Los beats rechazaron los valores dominantes para convertirse con velocidad de cohete en estrellas de la cultura de masas; se negaron a cumplir los papeles que la sociedad exigía (no habían faltado al casting, pero no les había ido bien), pero finalmente los desempeñaron. La homosexualidad masculina de algunos era la encarnación más alta de la masculinidad de la época, no su reverso: el modelo (lo imito, si me sale) y el tipo (me acuesto con él, si puedo) coincidían. Jack Kerouac, Neal Cassady, Gore Vidal, James Dean, Sal Mineo, Rock Hudson, John Cage son varones cis que descubrieron –no es saber ni innato ni infuso– que para un varón cis no hay nada mejor que otro varón cis. Ginsberg es el judío feo al que la mimesis no le resulta, pero le gusta la misma virilidad; Snyder, el judío que no parece judío, con camisa de franela leñadora, al lado de Robert Duncan o Kenneth Rexroth. Incompatible con relaciones estables de pareja y familia, su modo de vivir fue, en ese contexto, adecuado fundamentalmente para hombres, y, si bien integraron en su imaginario inconformista la homosexualidad, los iconos de la contracultura beat tienen los caracteres viriles tradicionales de los personajes masculinos rebeldes de la industria cultural de su tiempo, como el «duro» del cine negro o el cowboy de los westerns. No es raro que los usuarios de redes sociales, en parte por la presión de opinar sin conocer (en el caso de beats como Snyder) propia de estas, en parte por la generalizada asimilación inconsciente de los valores más tradicionales de ese imaginario (en el caso de las beats), hayan omitido durante esta semana tantos nombres al llamar a Ferlinghetti el último beat, y que incluso la prensa lo haya hecho (¿qué más conservador que la prensa?).
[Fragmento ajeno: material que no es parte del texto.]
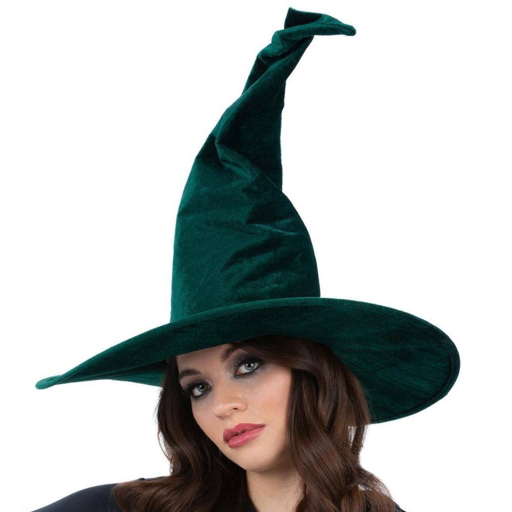 Viimeistele tyylisi smaragdinvihreällä, pehmeästä veluurista valmistetulla aikuisten noitahatulla. Muotoiltava kärki ja tukeva lieri tekevät tästä hatusta itseoikeutetun valinnan sille, joka haluaa pukeutua noidaksi seuraavana Halloweenina tai naamiaisissa.

Cuando en 1994 le preguntaron a Gregory Corso si no hubo mujeres beats, respondió: «Hubo mujeres, estaban allí, yo las conocí, pero sus familias las encerraban en manicomios, se les sometía a tratamientos de electroshock... En los 50 podías ser rebelde si eras hombre; si eras mujer, tu familia te encerraba. Hubo mujeres, yo las conocí. Algún día alguien escribirá sobre ellas».